If you're renting and wondering if you should buy a home, consider what bestselling author, David Bach, says, "The average homeowner is worth 35 times more than the average renter."
He advises renters to take action immediately and start saving part of their paycheck every month to help accumulate a down payment. He also encourages renters to borrow 10-20 percent less than what the bank is willing to lend; that way they're only buying as much home as they can afford.
The longer you rent, the longer it may take you to eventually get into homeownership. If the market conditions have scared you, perhaps you're not looking at the other side of the coin. Owning a home becomes part of your investment portfolio, provides tax benefits, allows you to build equity (it still exists), and, if you buy now, you may get an excellent deal.

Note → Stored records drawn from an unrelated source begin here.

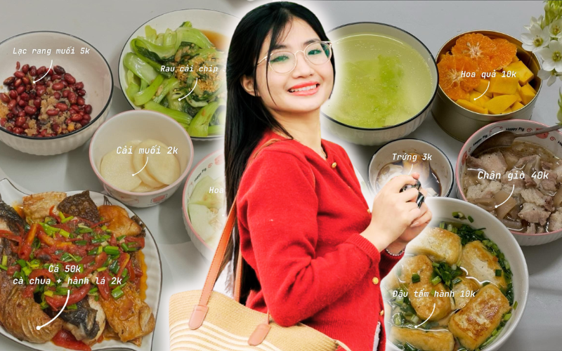 Mỹ Linh tính toán chi phí, mâm cơm thường gồm một món chính (thịt, cá) khoảng 50 - 55 nghìn đồng, món rau chỉ khoảng 5 nghìn đồng, và món tráng miệng 10 nghìn đồng. Chi phí mà cô nêu cho mỗi mâm chưa bao gồm tiền gạo (thường mang từ quê ra), gia vị, tiền điện nước.
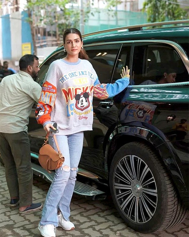 Kriti Sanon was spotted wearing a cute and fun sweater featuring Mickey Mouse, adding a playful touch to her outfit. The whimsical design gave her look a lighthearted and charming vibe.
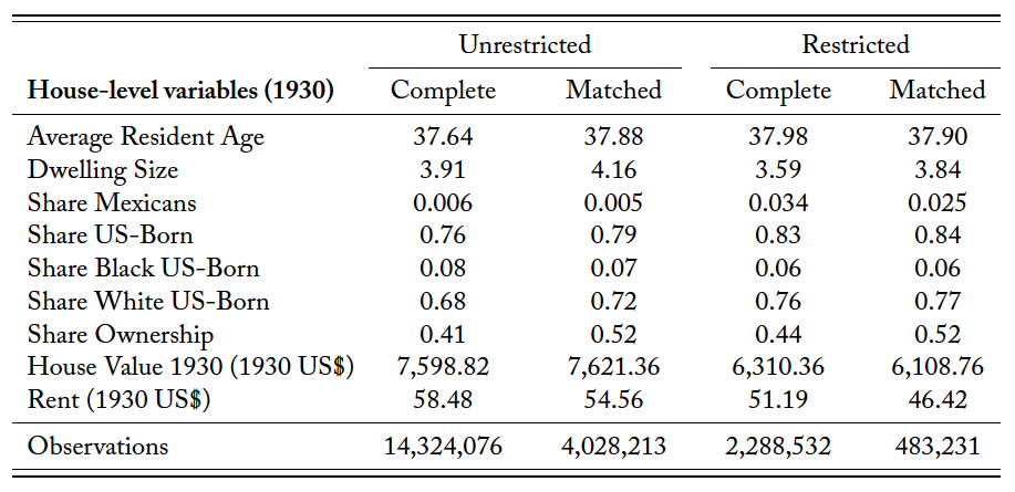 Table 1 presents the summary statistics of these variables and compares them across full-count 1930 Census data (column 1), the full address-matched sample (column 2), and the two sub-samples for states more affected by the Mexican repatriation (columns 3 and 4). When comparing the full data with our matched sample, we conclude that, on average, the dwelling characteristics are quantitatively similar across the two datasets. Our matching procedure seems to favor houses with larger shares of white or US-born residents, or houses owned in 1930. The variables on the average house value and rents are similar for the two samples. When comparing the state-restricted samples (columns 3 and 4), we observe larger shares of Mexican residents and smaller shares of US-born residents. We also observe smaller house values and rents due to the sample restrictions.
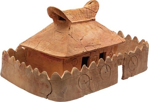 中でも、熊本県上官塚遺跡の円墳周濠から出土した家形埴輪と囲形埴輪は、鏡を表していると考えられる円文が描かれた非常に珍しいものです。
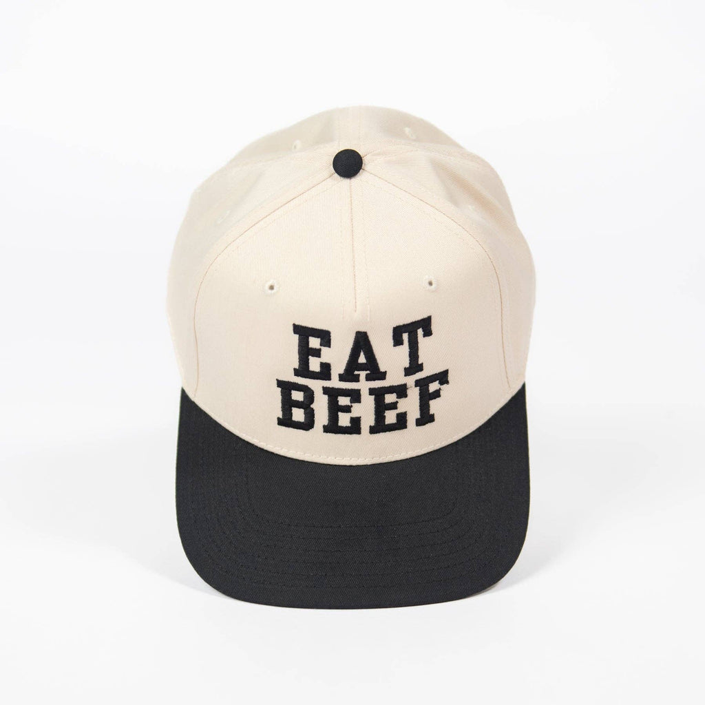 Grab this quirky Eat Beef Trucker Hat and show off your love for beef in a fun way! With an embroidered 'EAT BEEF' in black and a stylish cream top and black bill, this trucker hat is the perfect accessory for any casual outfit. Time to add some beefy flavor to your wardrobe!
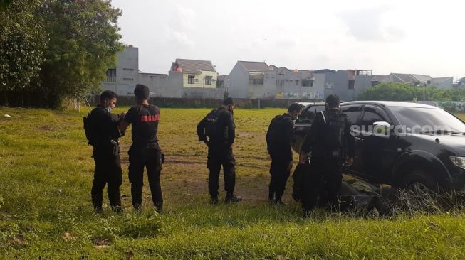 Tim Gegana saat meledakan barang bukti yang disita di lokasi terduga teroris di Condet, Jaktim. (Suara.com/Yaumal)
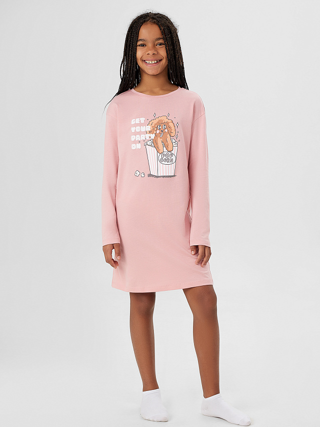 Сорочка ночная для девочек розовая с надписью "Get your party on"
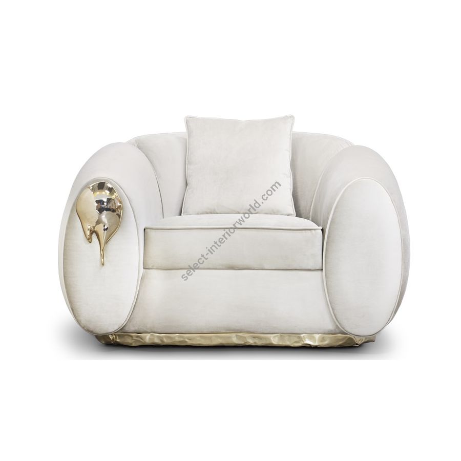 Soleil Armchair is a synthesis of styles and senses. Inspired by the spirit and mission of the famous Cirque de Soleil, the purpose is to invoke, provoke and evoke. Soft, sultry curves gently embrace the sitter in this elegant vintage and contemporary style armchair. Except for the supreme levels of comfort, the brass details on the modern armchair perfectly complement the elegant lines of a timeless piece.

According to a MarketWatch news article, buying a home now can provide some real negotiating power to request improvements, price reductions, help with closing costs, and more. "People can get a lot of what they need and almost all of what they want today," said Jay Papasan, one of the authors of "Your First Home".
While poor market conditions have created a troubling situation for some homeowners, the downturn has made the buying market ripe for others. The affordability of homes is better than ever. The National Association of Realtors' housing affordability index concluded that homes in December of 2008 were more affordable than at any other point since 1970 (the start of the index). And with numerous foreclosures on the market and prices dropping in many areas, now is a good time to buy. But in order to make your purchase profitable, here are some things you should consider.
How long will you be in the home? Some experts advise that if you are planning to move within a year, buying may not be the best option because of the expenses associated with moving. However, if you're searching for a place to live for, at least, several years, buying now could be a good choice for you.
How much you can afford. Don't let tighter lending regulations scare you off from making a purchase. Instead, understand what you truly can afford. Don't get caught up in buying too much home. In fact, these days, the trend is moving toward smaller homes -- simpler living.
Mortgage rates drop to historical low. How much home you can afford is affected by mortgage interest rates that, right now, are highly appealing. Good credit, documenting your income, and a substantial down payment will make you a better candidate for the better mortgage rates.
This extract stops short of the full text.